So what’s so magical about S3 that means it can be accessed by both Lambda functions, when nothing else can? The answer is that we can create a VPC endpoint for S3, meaning that it can be accessed from inside the VPC, without affecting the ability to access it from outside the VPC. Amazon have made special provisions to support this. You’d have thought they could do something similar with SES, their Simple Email Service, as well and fix the whole issue like that. But it’s not currently possible to set SES up as a VPC endpoint, so in the meantime we’re stuck using S3 as a poor-man’s messaging interface.

The code needed to get all this up-and-running is minimal, and even the configuration of the various things required to fit it all together isn’t particularly onerous. So let’s give it a go.
 

Creating an AWS Lambda S3 email bridge

As we’ve discussed, the vagaries of AWS mean it’s hard to send out emails from a Lambda function that’s trapped inside a VPC alongside its RDS instance. Let’s look at how it’s possible to use S3 as a bridge between two Lambda functions, allowing one function inside the VPC to communicate with a function outside the VPC, so that we can send some emails.

At the heart of it all is an S3 bucket, so we need to set that up first. We’ll create a dedicated bucket for the purpose called ‘yfp-email-bridge’. You can call it whatever you want, but you’ll need to switch out ‘yfp-email-bridge’ in the instructions below for whatever name you choose.

Create the bucket using the Amazon S3 dashboard and create a folder inside it called email. You don’t need to do anything clever with permissions, and in fact we want everything to remain private, otherwise we introduce the potential for an evil snooper to read the emails that we’re sending.

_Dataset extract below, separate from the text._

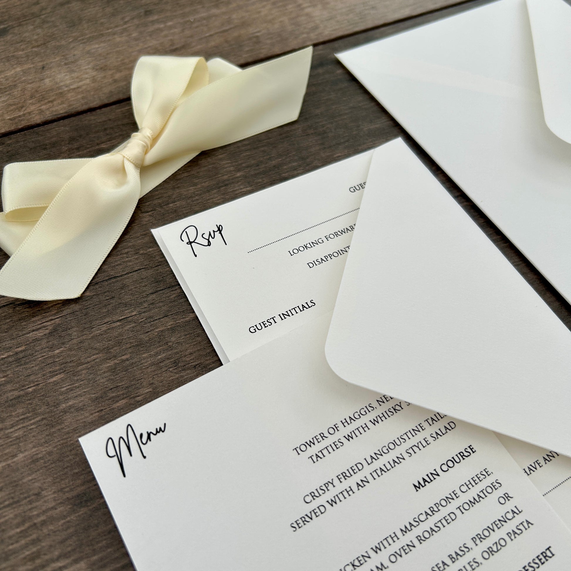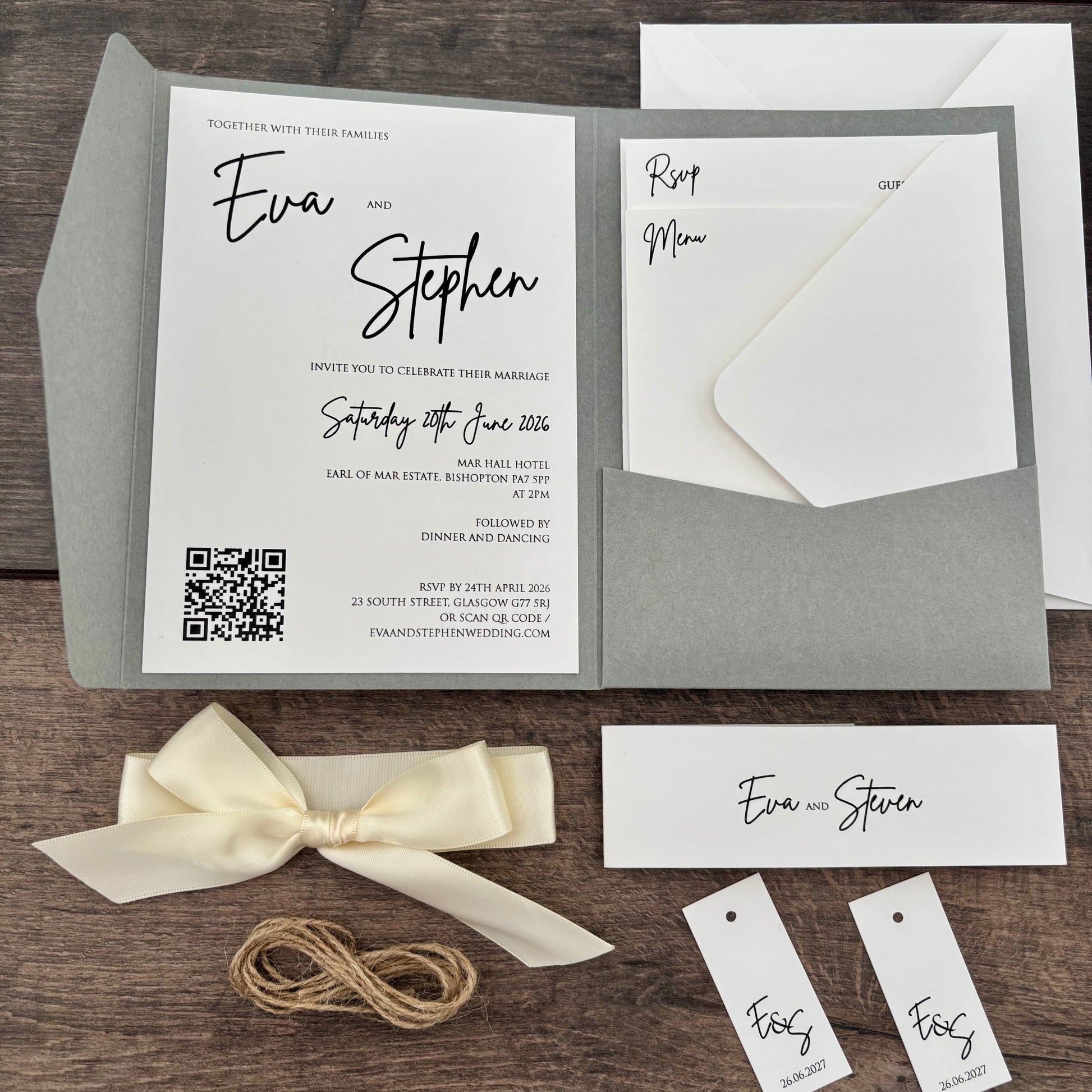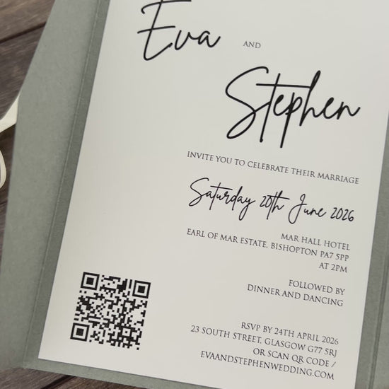 Each invitation is fully customisable—you can add a website QR code, include info and RSVP cards, and choose matching envelopes. Personalise further with extras like belly bands, tags, and ribbons, all available in colours from our carefully selected palette.

Here’s my S3 bucket set up with the email folder viewed through the AWS console.

 
Create an S3 bucket with a folder called 'email' inside
 

Now let’s create our email sending Lambda function. We’re using Python 3.6 for this, but you can rewrite it for another language if that makes you happy.

So, open the AWS Lambda console and create a new function. You can call it whatever you like, but I’ve chosen send_email_uploaded_to_s3_bridge (which in retrospect is a bit of a mouthful, but there’s no way to rename a function after you’ve created it so I’m sticking with that). Set the runtime to Python 3.6. You can either use an existing role, or create a new one with S3 read and write permissions.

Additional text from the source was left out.